In reinforcement Learning (RL), an instant reward signal is generated for
each action of the agent, such that the agent learns to maximize the cumulative
reward to obtain the optimal policy. However, in many real-world applications,
the instant reward signals are not obtainable by the agent. Instead, the
learner only obtains rewards at the ends of bags, where a bag is defined as a
partial sequence of a complete trajectory. In this situation, the learner has
to face the significant difficulty of exploring the unknown instant rewards in
the bags, which could not be addressed by existing approaches, including those
trajectory-based approaches that consider only complete trajectories and ignore
the inner reward distributions. To formally study this situation, we introduce
a novel RL setting termed Reinforcement Learning from Bagged Rewards (RLBR),
where only the bagged rewards of sequences can be obtained. We provide the
theoretical study to establish the connection between RLBR and standard RL in
Markov Decision Processes (MDPs).
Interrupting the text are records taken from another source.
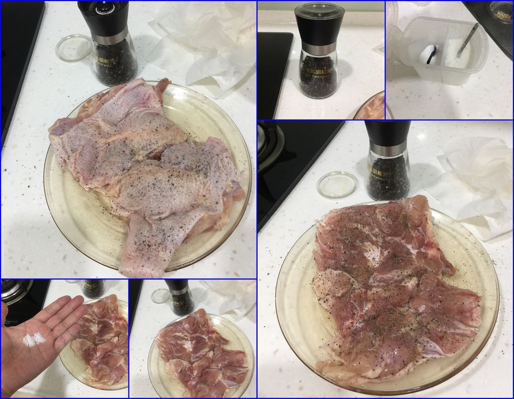 ▼撒一些鹽及黑胡椒(皮那一面少一些,肉那一面多一些)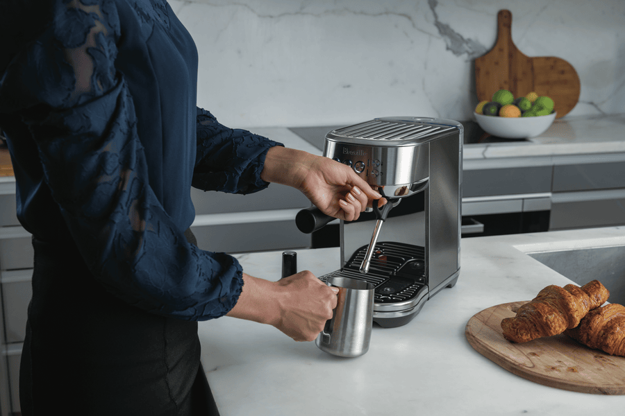 Create cafe quality cappuccinos, caffe lattes, or long or short blacks from the comfort of home without taking up much bench space with this compact Breville Bambino Plus espresso machine. The precise Bambino Plus 19-gram dose capacity and 54mm porta-filter ensures full bodied cafe quality flavour with just the right amount of ground coffee for a balanced espresso, while the low-pressure pre-infusion draws out flavours evenly during the extraction phase for a perfectly balanced tasting cup of coffee. Plus, with precise PID digital temperature control, water is delivered at the precise temperature required for optimal espresso extraction. Use the automatic steam wand and included milk jug to texture your way to barista quality micro-foam for a cappuccino just like at your local cafe. The Breville BES500BSS4JAN1 offers a super-fast 3 second heat up time thanks to the innovative ThermoJet heating system that reaches optimum extraction temperature so you don’t have to wait. Use freshly ground coffee from your local cafe or roaster, or you can grind your own roasted beans using a coffee grinder (sold separately). By combining all the elements needed for a deliciously balanced brew, any day is off to a great start with your favourite caffeinated beverage at home with Breville’s Bambino Plus.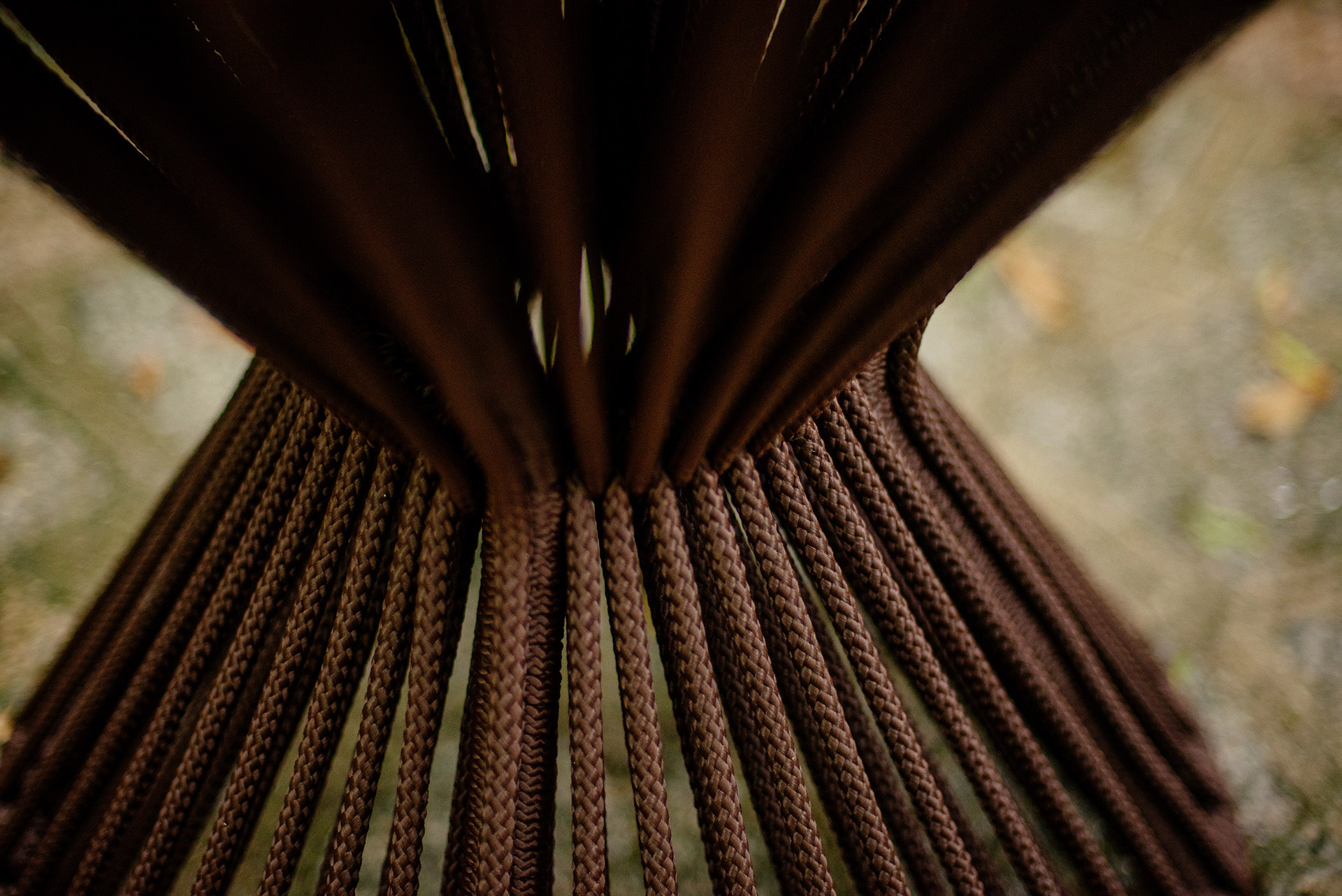 Estrutura em alumínio, pintura eletrostática e revestimento em corda náutica cilíndrica 10mm.

To effectively explore the reward
distributions within the bagged rewards, we propose a Transformer-based reward
model, the Reward Bag Transformer (RBT), which uses the self-attention
mechanism for interpreting the contextual nuances and temporal dependencies
within each bag. Extensive experimental analyses demonstrate the superiority of
our method, particularly in its ability to mimic the original MDP's reward
distribution, highlighting its proficiency in contextual understanding and
adaptability to environmental dynamics.

提出了一种称为 RLBR（Reinforcement Learning from Bagged Rewards）的新型 RL 设置，使用基于 Transformer 的奖励模型（Reward Bag Transformer）来探索袋装奖励中的奖励分布，并展示了其在上下文理解和环境动态适应性方面的卓越性能。